- _Prompt_:
Leave the pictures out. Retype exactly the lines below from the one containing "但你如果启动关闭几次OE,你" through the one containing "8月24日,北京大学人民医院", and no others.

- _Stored data_:

______________________________

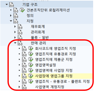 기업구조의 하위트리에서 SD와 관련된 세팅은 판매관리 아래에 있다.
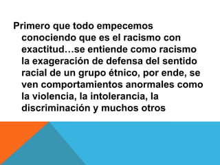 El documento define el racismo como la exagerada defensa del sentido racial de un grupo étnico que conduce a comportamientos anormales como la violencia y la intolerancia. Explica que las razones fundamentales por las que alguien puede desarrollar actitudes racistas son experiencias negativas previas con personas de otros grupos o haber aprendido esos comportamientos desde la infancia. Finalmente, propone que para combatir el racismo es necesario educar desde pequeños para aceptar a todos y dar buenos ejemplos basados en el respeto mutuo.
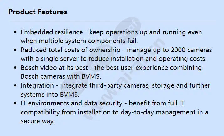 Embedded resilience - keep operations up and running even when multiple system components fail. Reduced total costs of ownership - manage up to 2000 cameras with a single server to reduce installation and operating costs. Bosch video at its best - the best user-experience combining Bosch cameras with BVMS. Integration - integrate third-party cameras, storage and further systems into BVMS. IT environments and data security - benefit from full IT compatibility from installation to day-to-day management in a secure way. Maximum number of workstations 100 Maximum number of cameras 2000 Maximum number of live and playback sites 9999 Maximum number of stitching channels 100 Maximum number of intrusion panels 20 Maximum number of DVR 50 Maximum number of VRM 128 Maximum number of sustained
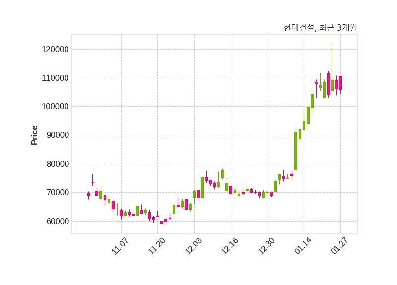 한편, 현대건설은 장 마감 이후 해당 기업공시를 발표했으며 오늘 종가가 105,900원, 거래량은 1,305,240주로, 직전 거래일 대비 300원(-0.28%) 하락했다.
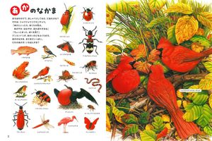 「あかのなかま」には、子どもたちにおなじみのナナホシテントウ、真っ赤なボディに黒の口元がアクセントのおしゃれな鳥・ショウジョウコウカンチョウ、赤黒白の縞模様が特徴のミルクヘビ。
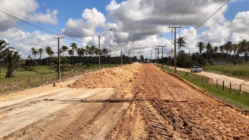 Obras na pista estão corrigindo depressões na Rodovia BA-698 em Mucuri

______________________________

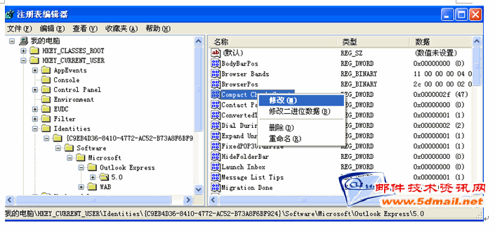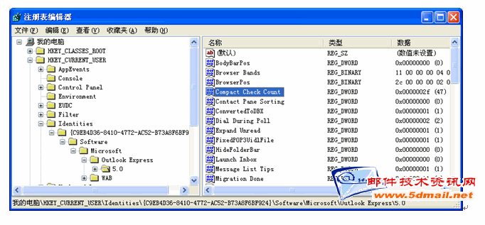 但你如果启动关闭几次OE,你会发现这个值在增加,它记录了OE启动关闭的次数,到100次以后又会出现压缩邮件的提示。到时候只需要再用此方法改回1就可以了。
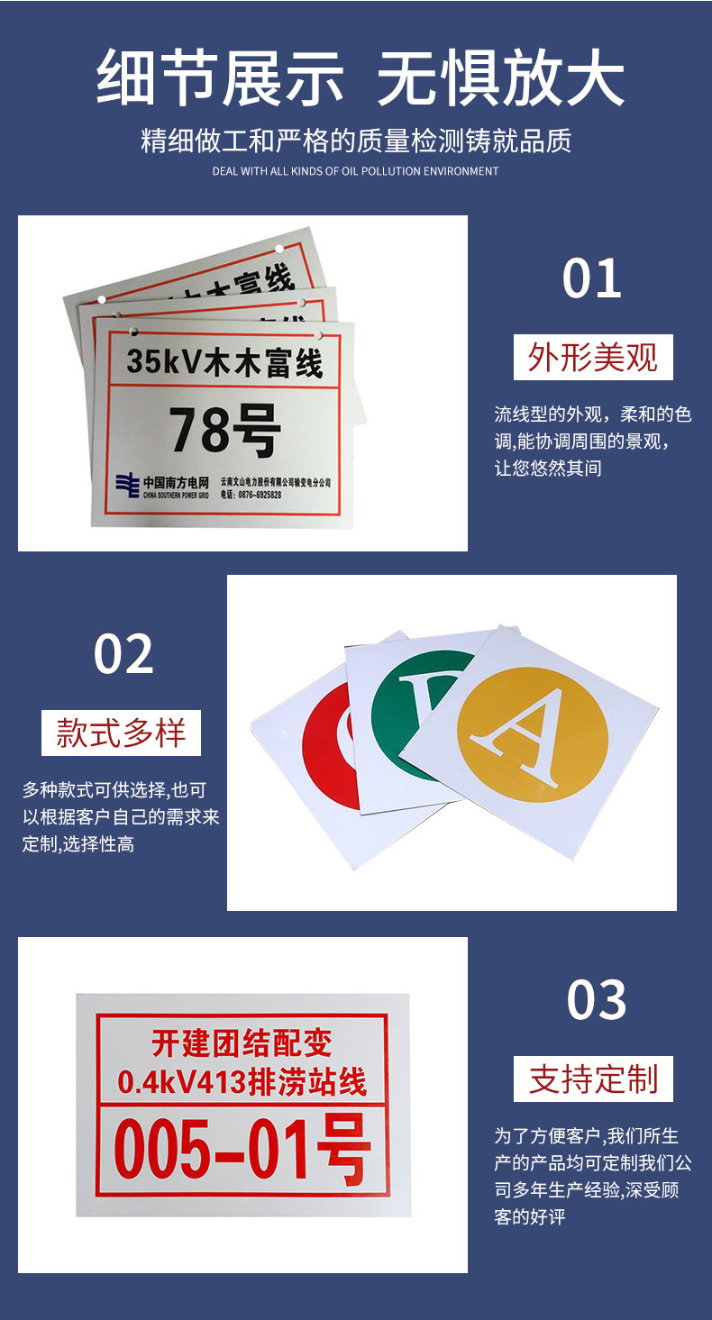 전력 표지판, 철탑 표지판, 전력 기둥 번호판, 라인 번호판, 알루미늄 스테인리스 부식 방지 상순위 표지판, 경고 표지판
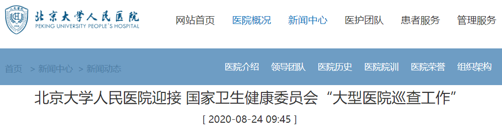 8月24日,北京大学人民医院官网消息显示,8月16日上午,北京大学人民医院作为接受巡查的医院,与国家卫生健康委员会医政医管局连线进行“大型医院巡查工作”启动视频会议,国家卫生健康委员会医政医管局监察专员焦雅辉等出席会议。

______________________________

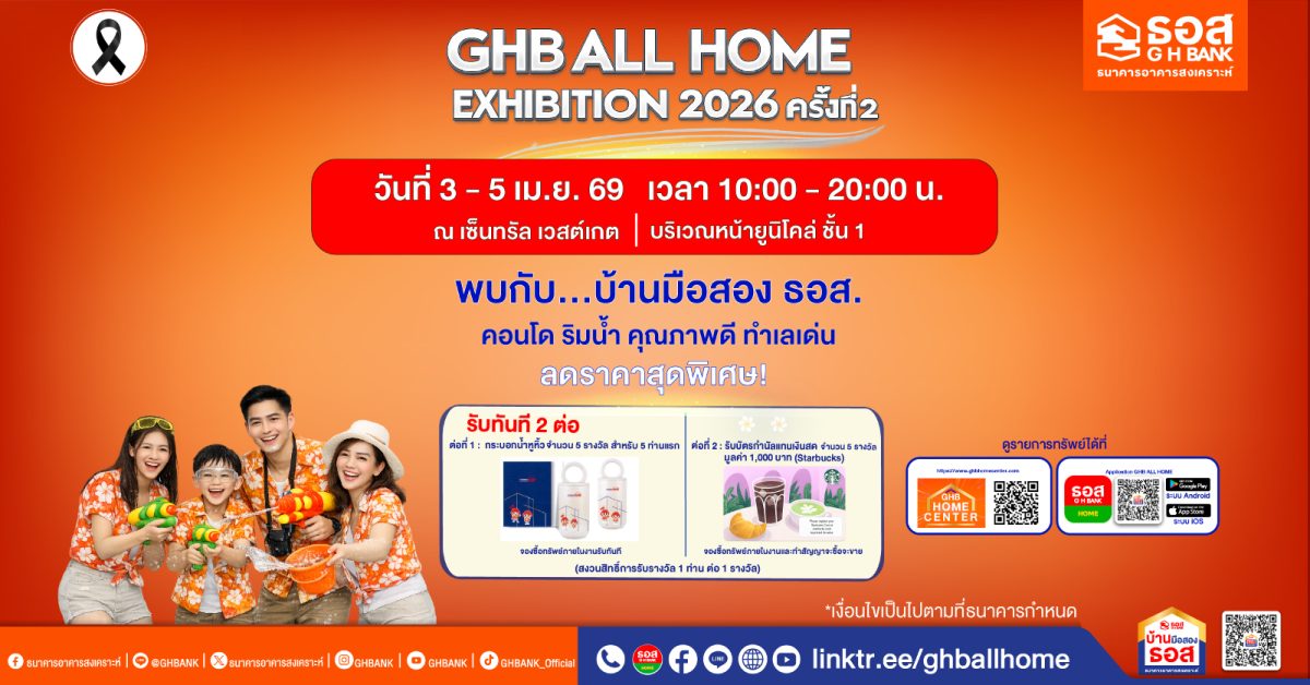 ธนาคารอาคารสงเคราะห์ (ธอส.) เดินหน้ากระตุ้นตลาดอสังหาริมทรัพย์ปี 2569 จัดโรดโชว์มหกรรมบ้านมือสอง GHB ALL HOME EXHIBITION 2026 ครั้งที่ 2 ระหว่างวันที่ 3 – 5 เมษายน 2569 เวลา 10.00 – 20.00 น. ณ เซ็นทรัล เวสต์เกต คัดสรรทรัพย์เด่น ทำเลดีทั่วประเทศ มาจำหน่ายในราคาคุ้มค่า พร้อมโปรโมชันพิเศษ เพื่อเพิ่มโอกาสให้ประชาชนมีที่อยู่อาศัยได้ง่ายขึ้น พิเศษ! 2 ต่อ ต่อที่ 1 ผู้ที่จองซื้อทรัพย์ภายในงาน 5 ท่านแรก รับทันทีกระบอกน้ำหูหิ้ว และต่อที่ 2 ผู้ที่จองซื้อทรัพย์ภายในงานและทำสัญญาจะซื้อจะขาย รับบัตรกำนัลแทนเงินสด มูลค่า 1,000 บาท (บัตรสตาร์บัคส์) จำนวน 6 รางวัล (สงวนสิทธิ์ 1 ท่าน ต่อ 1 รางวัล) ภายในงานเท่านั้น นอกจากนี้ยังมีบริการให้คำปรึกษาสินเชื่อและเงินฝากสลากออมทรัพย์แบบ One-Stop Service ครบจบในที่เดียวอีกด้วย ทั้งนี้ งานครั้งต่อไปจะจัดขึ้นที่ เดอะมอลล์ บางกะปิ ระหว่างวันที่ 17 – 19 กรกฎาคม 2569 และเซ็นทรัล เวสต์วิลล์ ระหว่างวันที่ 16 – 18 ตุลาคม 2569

______________________________

- _Answer to this exercise_:
 但你如果启动关闭几次OE,你会发现这个值在增加,它记录了OE启动关闭的次数,到100次以后又会出现压缩邮件的提示。到时候只需要再用此方法改回1就可以了。
 전력 표지판, 철탑 표지판, 전력 기둥 번호판, 라인 번호판, 알루미늄 스테인리스 부식 방지 상순위 표지판, 경고 표지판
 8月24日,北京大学人民医院官网消息显示,8月16日上午,北京大学人民医院作为接受巡查的医院,与国家卫生健康委员会医政医管局连线进行“大型医院巡查工作”启动视频会议,国家卫生健康委员会医政医管局监察专员焦雅辉等出席会议。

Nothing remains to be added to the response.